Accelerating time to treatment for rare diseases with modern, patient-centric data

Accelerating time to treatment for rare diseases with modern, patient-centric data

By Peter Stark, Veeva Compass

Rare diseases, as a whole, are not rare at all. Every year, people’s lives are upended by a diagnosis of one of 10,000 identified rare conditions, which collectively affect one in 10 people, according to the Genetic and Rare Diseases Information Center at NIH. A fact sheet from Global Genes, a global nonprofit dedicated to eliminating the burdens and challenges of rare diseases for patients and families globally, states because a majority are genetic and appear early, half of these patients are children, and many are not expected to reach their fifth birthday.

For patients left waiting, the stakes for new medicines are high. Yet, less than five percent of rare diseases have at least one approved treatment, the European Commission noted in February 2022 in Horizon, The EU Research and Innovation Magazine. Even when effective therapies and medicines exist, reaching the right patients is challenging. Survey data depicts a long and emotional journey for those awaiting a diagnosis. For adults, it can take up to five years, and half will receive a misdiagnosis, say researchers in an Orphanet Journal of Rare Diseases article titled, “The diagnostic odyssey: insights from parents of children living with an undiagnosed condition.”

Rare diseases challenge traditional ways of commercializing new medicines. With speed so critical to finding patients who aren’t always easily identified, traditional data can slow the process because it does not provide a complete view into the longitudinal patient journey. Once a medicine is approved, it is also crucial to seamlessly transition from trials to treatment given the smaller patient cohort, as the physicians who conduct the trials often become prescribers.

The good news is that the industry is making great progress in how medicines for rare diseases are brought to market. From new approaches to data to greater connectivity between medical and commercial teams, companies are breaking down silos and cutting the time to treatment. Along with richer healthcare data and effective medical education for physicians on symptoms and treatment options, these advances will help those undergoing complex patient journeys.

Data unlocks effective commercial execution

Data is core to understanding where the greatest patient needs are. Biopharmas need more complete and precise data that they can trust. Knowing specific HCPs for a particular indication to target and prioritize to find the patients in need is a game changer.

One enterprise biopharma launching a new treatment for a rare cancer needed to understand varying patient profiles – those newly diagnosed or treated – and isolate diagnosed patients and treatment providers. This meant finding patients already on market-leading therapies, but who still aren’t visible in traditional datasets. The company not only needed data for specific cancers, but also on health-related events for this particular patient population.
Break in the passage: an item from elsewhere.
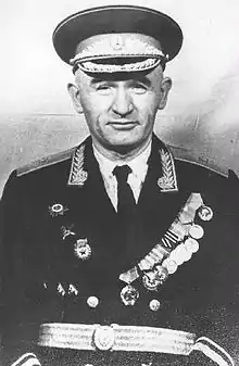 In 1939, he graduated with honors from the Kuybyshev Military Engineering Academy and the Military Academy of the General Staff of the Armed Forces of Russia.[9] He took part in the battles of Khalkhin Gol, against the Japanese on the Manchurian border in 1939, and in the Second World War.[10] He commanded troops in initial battles following 22 June 1941.[11] During the war, he also commanded an infantry division in the Baltic for three years.[12]

With Veeva Compass Patient, the brand found 34 percent more net new patients and identified a significant number of net new HCP targets compared to when using other traditional claims data sources. With unlimited access to the data, it is now being used to fuel an AI/ML engine to identify possible predictors to the disease diagnosis.

Data at speed, for faster patient starts

Biopharma companies are connecting technology and data to reach more of the right target patient populations and facilitate collaboration between functions that have not worked together before so they can identify and engage relevant HCPs. More than a third of all prescribed brands in the past year are found in medical claims, including in-office administered therapies, injections, and infusions. The dynamics have changed, and biopharma companies no longer just follow the prescription, they can now see the complete patient journey of prescriptions and procedures. The time to access data accelerated from weeks or a month to a day or even hours, as pharma and HCPs need to move fast to get the right medicine to the right patient.

With new patient-centric data for modern medicines, commercial leaders can now have complete, timely visibility into prescriptions dispensed at pharmacies, along with treatments administered in office settings – an industry shift never seen before.

With a complete data set of the complex patient journey now available, faster treatment starts can become a reality for rare disease patients.

Peter Stark is executive VP and general manager of Veeva Compass.